The Last Witchfinder
Jennet Stearne’s childhood wasn’t typical, but it was happy, or at least it began that way. Her home life morally focused on her family’s commitment to the eradication of sorcery, with Jennet’s father as witchfinder and her Aunt Isobel as philosopher and scientist. When Isobel’s experiments make it appear she could be practicing the occult, she is tried and sentenced to death as a witch. She entreats Jennet to formulate an argumentum grande to refute the Parliamentary Witchcraft Act of 1604 and prevent the future torture of innocent souls.
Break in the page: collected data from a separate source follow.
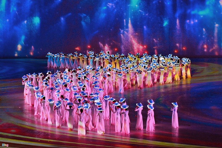 开幕式开头是经过精心排练的精彩艺术表演,展示代表越南国家和人民的各种形象。
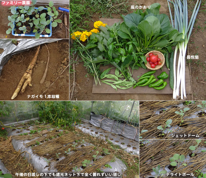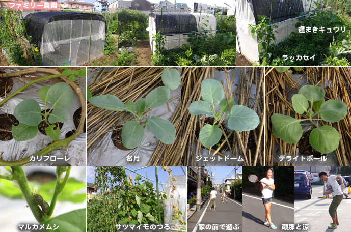 ファミリー農園では台風は恵みの雨だった。遅まきのキュウリが生育旺盛だ。守るーむ内の苗は遮光効果もあり順調に活着している。黒大豆にマルカメムシがいつ行ってもいるのだが、どうやら角のビニペットのスプリングがない部分の隙間から這い上がって中に入って来るようなので隙間を塞いだ。サツマイモのツルが支柱の上まで伸びた。帰ると家の前で涼と瀬那が暑いのにボール遊びをしていた。(T)
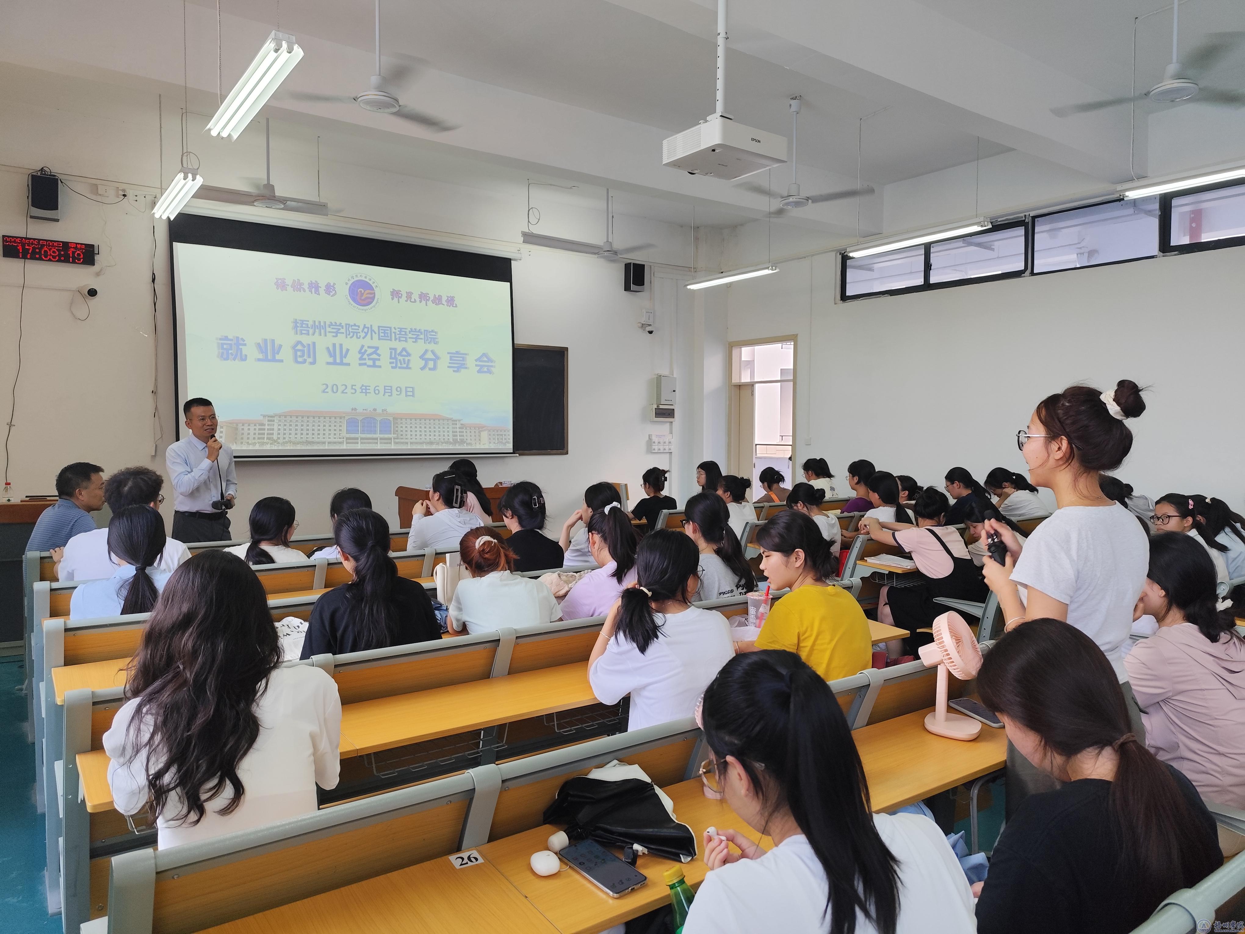 6月9日,外国语学院邀请优秀校友付土成返校开展一场别开生面的就业创业经验分享会,学院党委副书记韦翠兰、学院专业老师雷应秋,外国语学院学生代表参加此次活动。

Set largely between 1688 and 1725, The Last Witchfinder follows Jennet’s search for this logical argument, from Salem, to a Nimacook village, to Philadelphia, then back to Philadelphia again via London and a not-so-deserted island. The promise made to her aunt shapes Jennet’s life, just as the pursuit of Cleansing comes to define her brother’s existence. Along the way she finds time marry an Indian brave, then a postman, and to have an intellectual and passionate relationship with a certain young printer, Ben Franklin.
Even as James Morrow’s main character points out the impossibility of the existence of witches, the author conveys the subtle parallels between aspects of the natural laws of science and the (perceived) demonic world. How easy it must have been for strongly devout people to believe in – and fear – the existence of unholy spirits.
An unlikely device is Morrow’s inspired choice of narrators: Sir Isaac Newton’s Principia Mathematica. It’s a tribute to the author’s narrative strength that he can make the notion of one book authoring another an intriguing possibility, one that’s no more implausible than witchcraft itself. A fascinating and compelling book.